I am using the following format
{'cachedContent': 'projects/*******/locations/us-central1/cachedContents/******',
'contents': [{'parts': [{'text': '.'}], 'role': 'user'}],
'generationConfig': {'candidateCount': 1,
'maxOutputTokens': 65534,
'temperature': 0,
'topP': 0.95},
'safetySettings': [{'category': 'HARM_CATEGORY_SEXUALLY_EXPLICIT',
'threshold': 'OFF'},
{'category': 'HARM_CATEGORY_HATE_SPEECH', 'threshold': 'OFF'},
{'category': 'HARM_CATEGORY_HARASSMENT', 'threshold': 'OFF'},
{'category': 'HARM_CATEGORY_DANGEROUS_CONTENT', 'threshold': 'OFF'}]}
But I get this error
Bad Request: {"error": {"code": 400, "message": "Model gemini-2.5-flash-001 does not support cached content with batch prediction.", "status": "INVALID_ARGUMENT"}}
Hi @Shreyansh_Bardia,
Batch prediction does not support explicit caching. Batch prediction is optimized for high-throughput, asynchronous processing of a large number of prompts at a reduced cost, reference (refer to “Why use batch prediction?”); while explicit context caching is designed for real-time or near-real-time scenarios where you want to manually manage and reuse a large context across multiple individual requests to reduce latency and cost.

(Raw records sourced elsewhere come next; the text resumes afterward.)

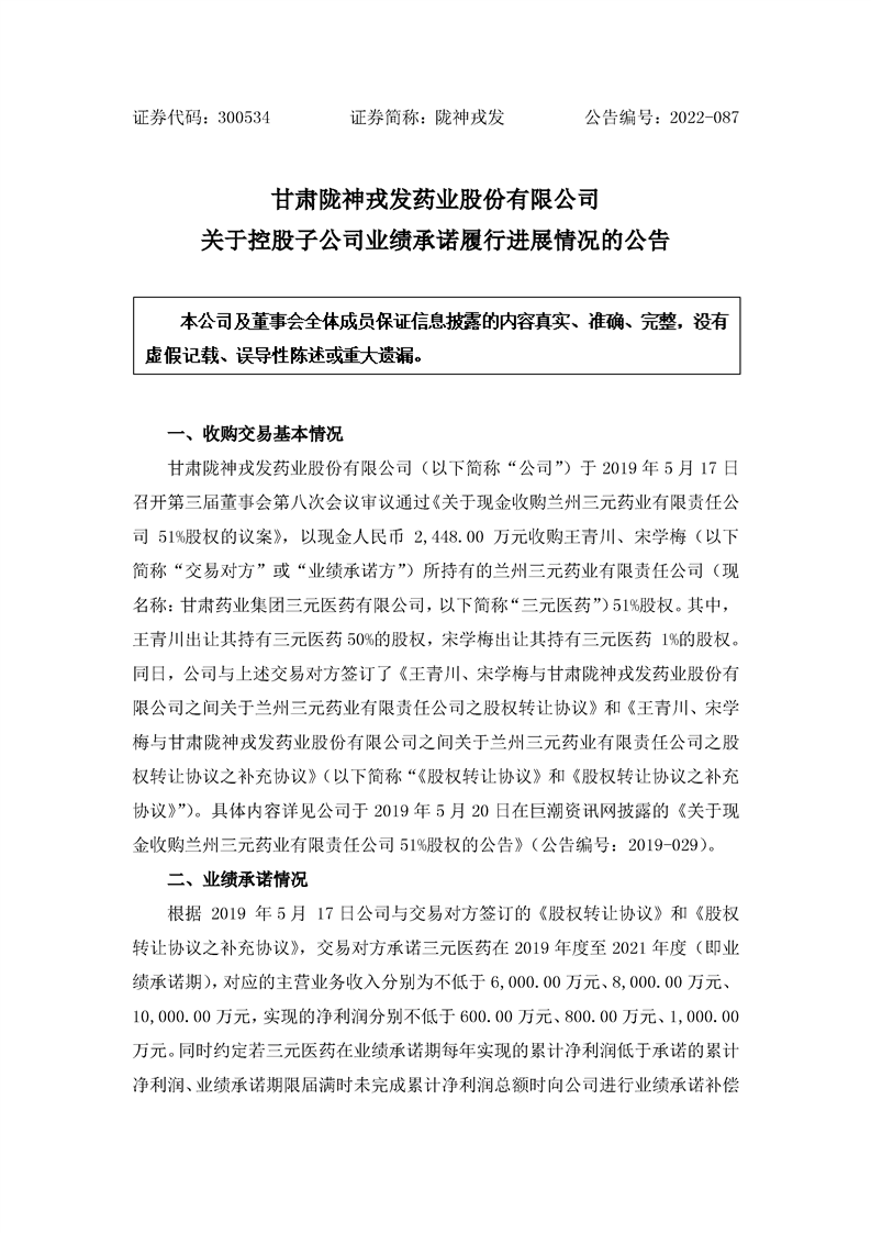 關(guān)于控股子公司業(yè)績承諾履行進展情況的公告
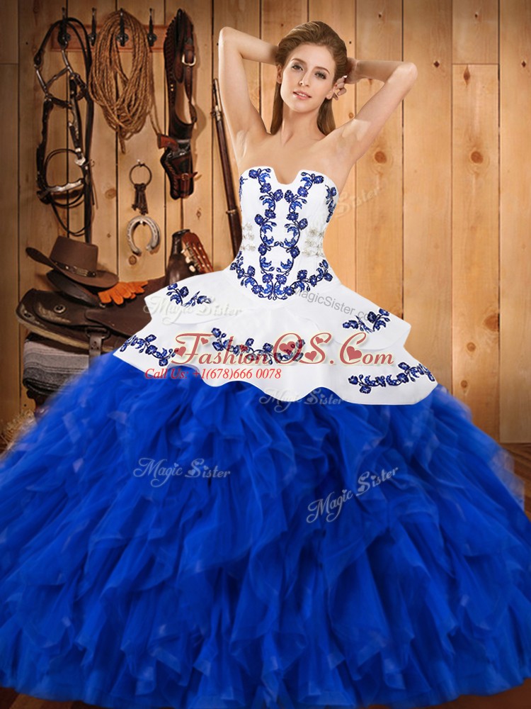 Dynamic Sleeveless Lace Up Floor Length Embroidery and Ruffles Ball Gown Prom Dress
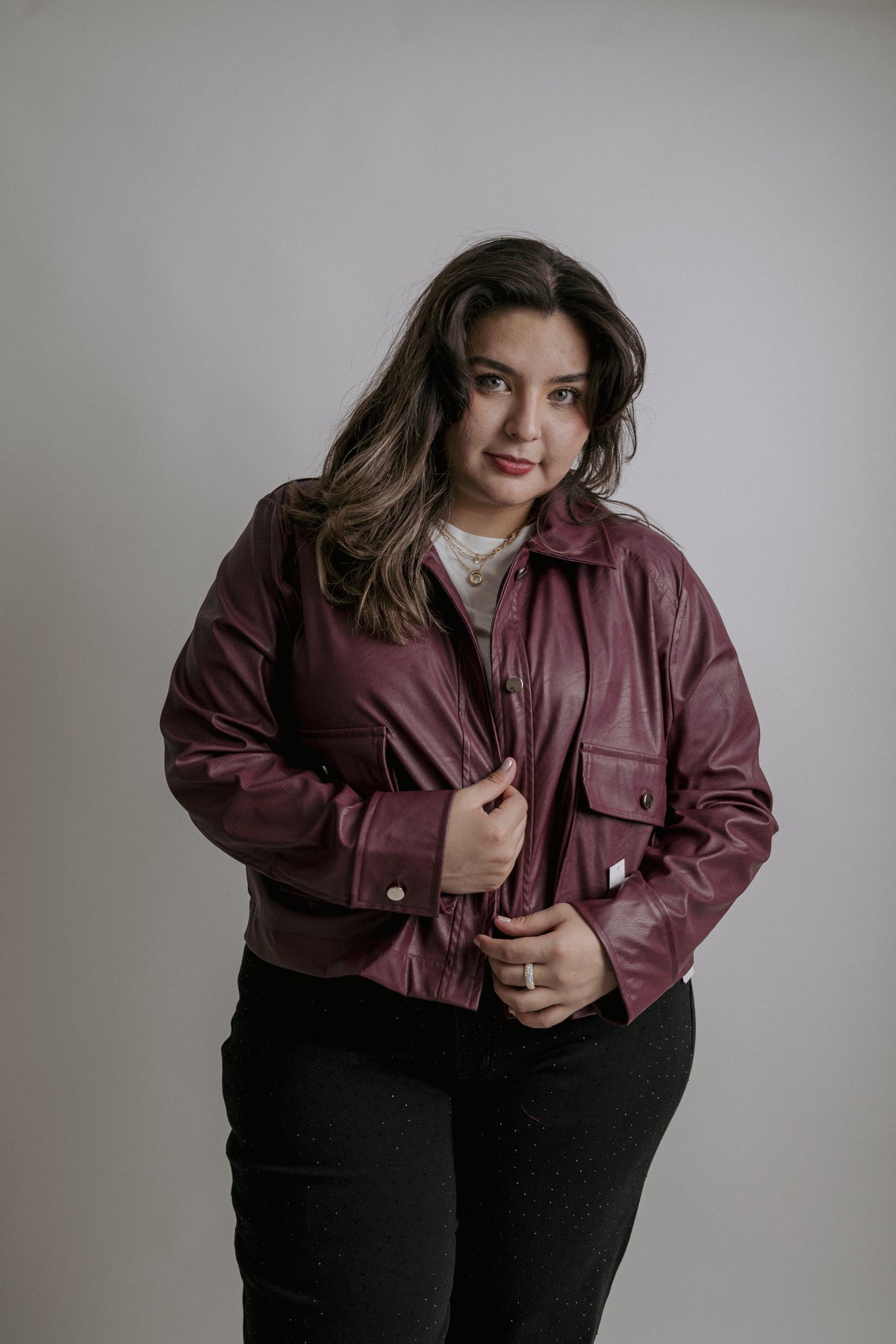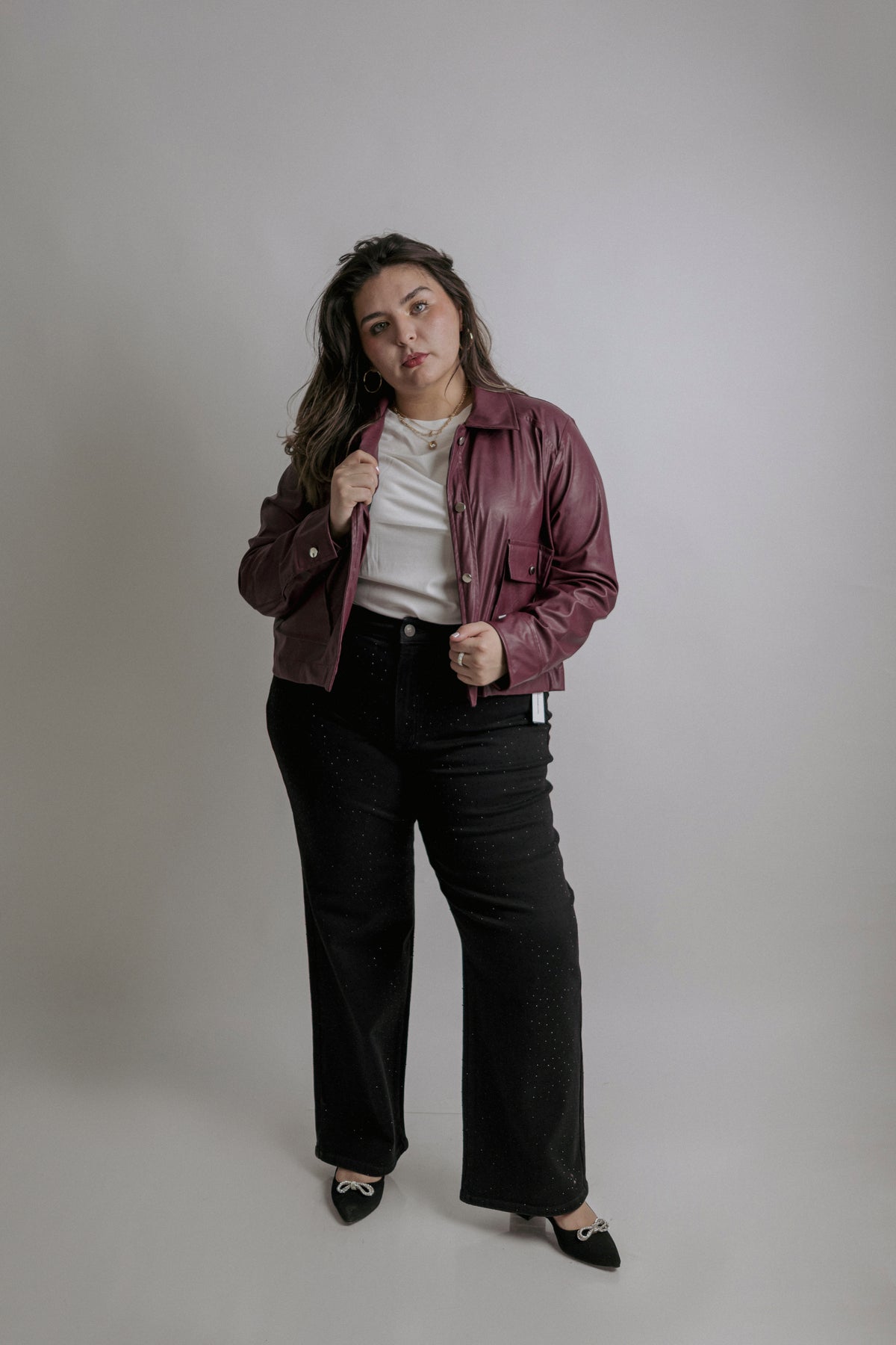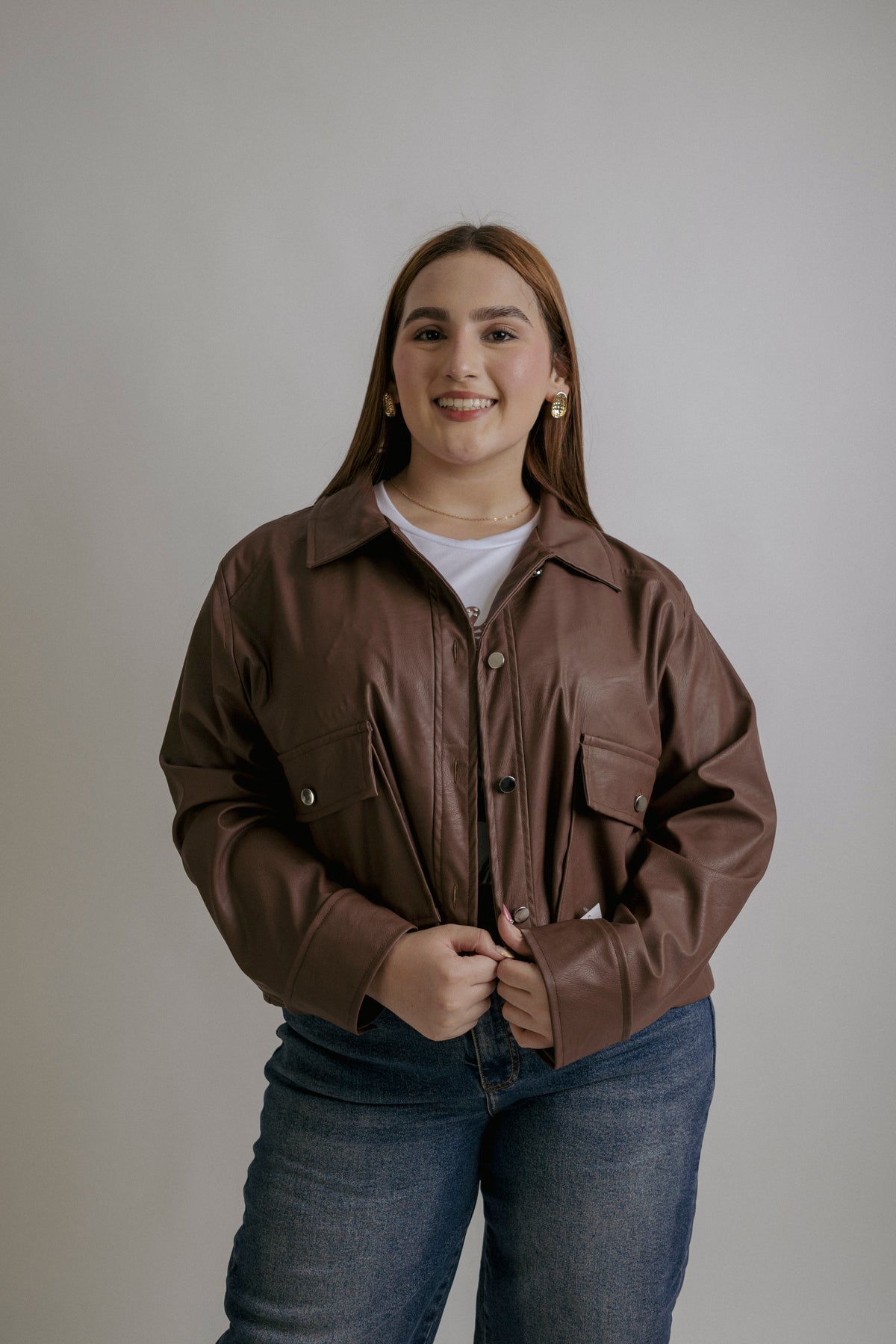 Chamarra en piel. Botones de metal al frente y en los puños. Canesú al frente y en la espalda. Bolsillos frontales con solapa. Una prenda ideal para lucir unos SÚPER OUTFITS este otoño-invierno.
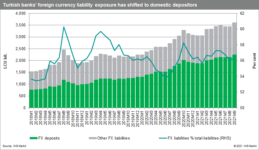 All eyes will remain on Turkey in December after the lira's slide against the US dollar intensified in November. Even assuming the lira stabilizes, downside risks are now higher and markets are expected to react sharply to anti-interest-rate statements. The risks of another rate cut at the Central Bank of the Republic of Turkey's 16 December meeting are rising rapidly, a move that would escalate the current lira sell-off and put even more pressure on bank capital buffers, profitability, and debt-servicing capacity amongst bank borrowers. The most likely path towards a lira recovery before the end of the year would be for an about-face from the central bank and an emergency rate rise, but even that is unlikely to move the lira back to levels recorded just three months ago. Dollarization in Turkey's banking sector is expected to intensify as depositors seek protection from rising inflation and the weaker lira. Requests from large corporations that have borrowed in foreign currency to seek another round of restructuring on outstanding debt or a jump in the interbank offered rate would be clear signs that currency instability is having a more immediate impact on the banking sector.
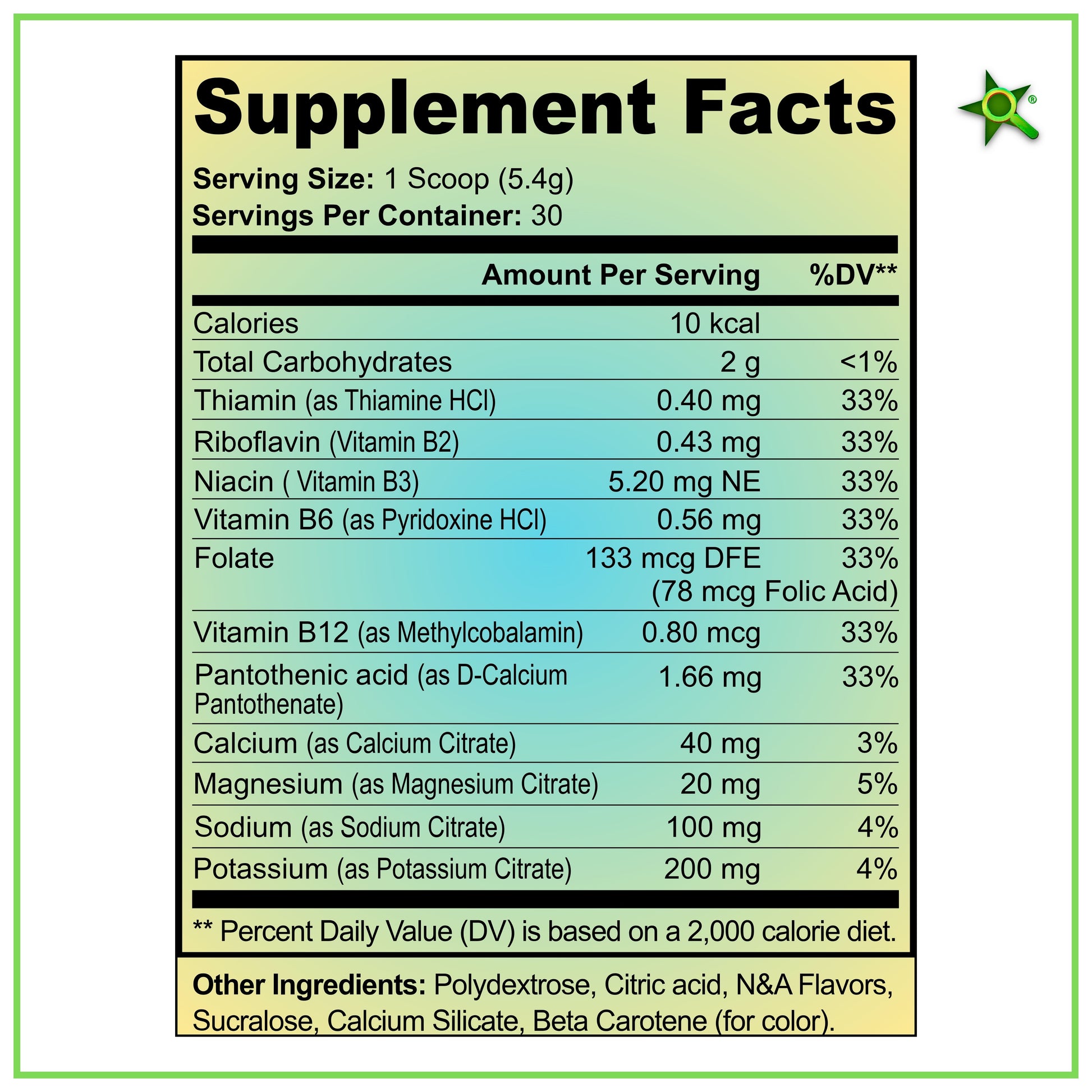 Ingredients: Vitamin B1 (Thiamin), Vitamin B2 (Riboflavin), Vitamin B3 (Niacin), Vitamin B6 (Pyridoxal 5 Phosphate), Vitamin B9 (Folate), Vitamin B12 (Methylcobalamin), Calcium (Calcium Citrate), Magnesium (Magnesium Citrate), Sodium (Sodium Citrate), Potassium (Potassium Citrate), Polydextrose, Citric Acid, Natural & Artificial Flavors, Sucralose, Calcium Silicate, Fruit & Vegetable Blend (for color)
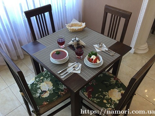 можно предварительно заказывать завтраки, обеды или ужины, (90 грн, 150 грн, 120 грн.), прием пищи осуществляется в обеденном зале или на беседке. Также приготовить еду можно самостоятельно на большой оборудованной всем необходимым кухне с выходом на большую террасу с камином.
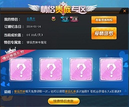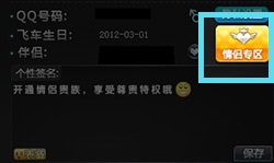玩家可以通过点击小橘子桌面上的大入口,进入情侣贵族专区,也可以通过点击个人信息面板上的情侣专区入口查看;
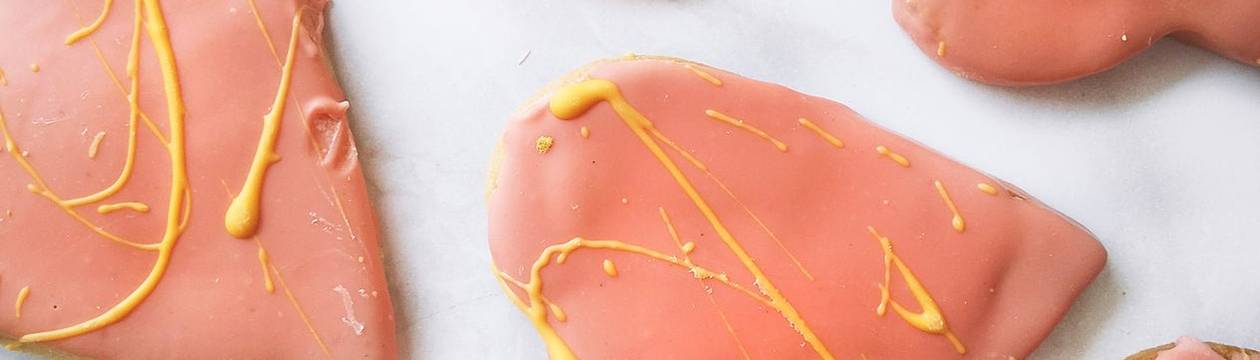 Leave the biscuits to cool on a cooling rack. Stir the icing sugar, rosewater, water and pink colouring together. Use to ice the biscuits (see picture). Create a small batch of icing but this time use yellow colouring and splash over the biscuits (see picture).
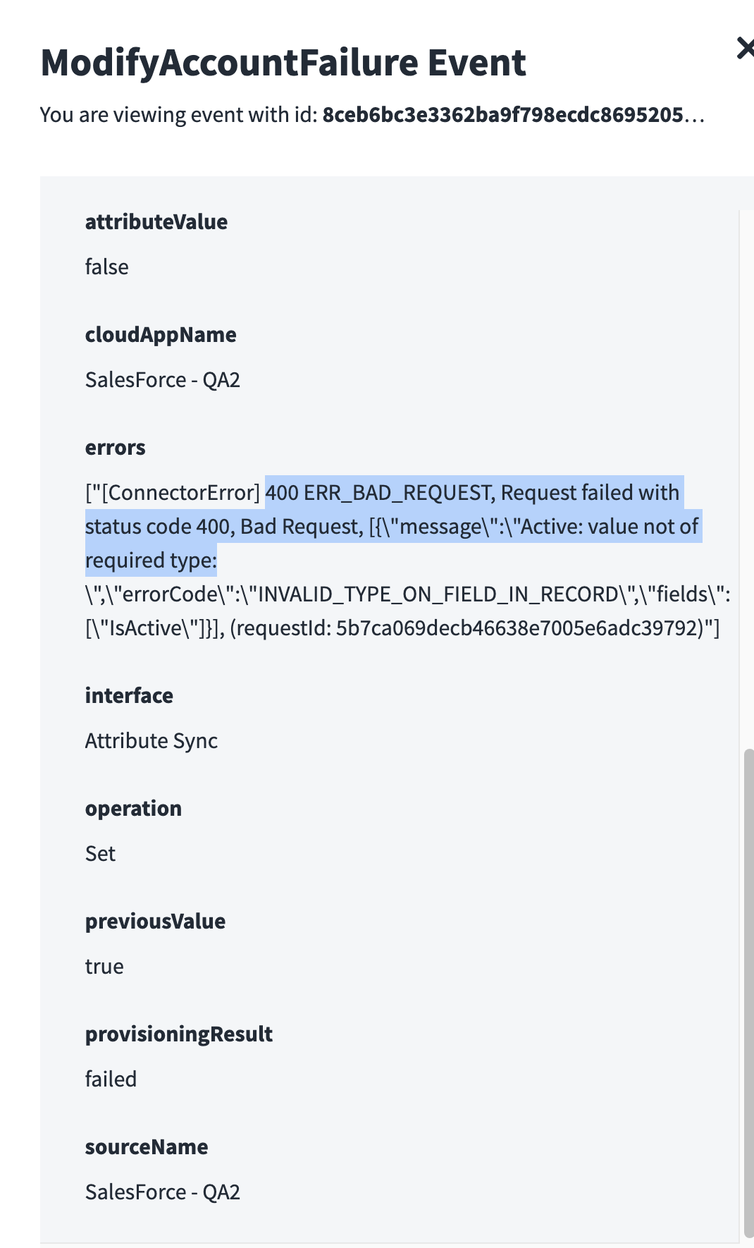 Before changing the identity attribute to a “boolean”, I additionally tried changing the casing to be either “true” or “True”, but nothing I have tried yet has gotten me around this error message from the connector on the provisioning attempt:
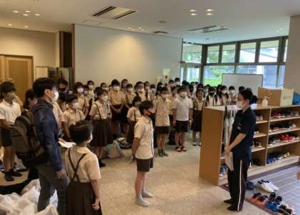 宿舎に到着後、開舎式を行いました。このあと食堂に移動して、昼食をとります。
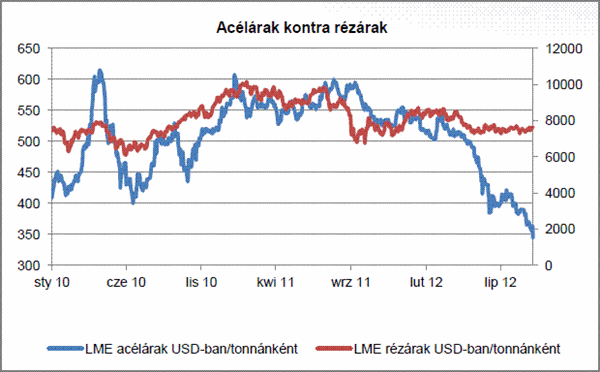 Kínában - ahol az ipari fémek iránti csökkenő kereslet illetve a készletek egy részének kiárusítása hatására esik az acél, a szén és vasérc ára - a helyzet egyre érdekesebb. A kohászati ágazat problémái azt igazolják, hogy az egyre gyatrább építőipari konjunktúra (többek között gyengülő ingatlan piaci kereslet) nagy problémát jelent és egyre nagyobb befolyással van az ipari nyersanyag árakra az egész világon. A kínai acélkohászat Financial Times által idézett képviselőinek véleménye
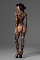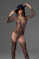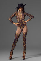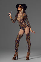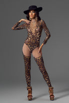 Inspired by Beyoncé's fearlessness and charm, this Quinn Leopard Printed Rhinestone Jumpsuit is a perfect blend of sexiness, luxury and wildness. The jumpsuit features a delicate leopard print pattern and rhinestone decoration, showing luxury and sparkle, adding a touch of star-like brilliance. The tight design perfectly outlines the curves of your body, allowing you to confidently show your unique charm. Whether it is a party, stage performance or special occasion, this jumpsuit will make you the focus of the whole scene, showing your fashion and unique personality.
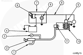 準(zhǔn)備康明斯起動發(fā)動機(jī),檢查燃油供給、冷卻液液位、變速箱或動力輸出裝置是否位于空檔,確定所有的手都接觸不到發(fā)動機(jī)。關(guān)閉預(yù)熱塞開關(guān)。(紅色指示燈會熄滅。)20 到 30 秒(預(yù)熱塞加熱所需時間)后,操作加注泵,起動發(fā)動機(jī)過程中保持 241 kPa [35 psi] 的燃油壓力。在低于 -34° C [-30°F] 的溫度下需要使用稍高的噴嘴壓力,因為燃油更稠。如有疑問,試起動之前先試用噴嘴。發(fā)動機(jī)起動前一般先轉(zhuǎn)幾圈。

Okay, but It would be great if we could include caching in Batch Prediction as well, we have a prompt of around 10k tokens which we would like to run with different inputs. Caching would help in such scenarios
Sure @Shreyansh_Bardia,
I will raise this as a feature request to the concerned team. Thanks for providing your use-case as an example. If you would like to elaborate on this example based on your use-case and cost saving estimates with explicit context caching with batch, it will help the team.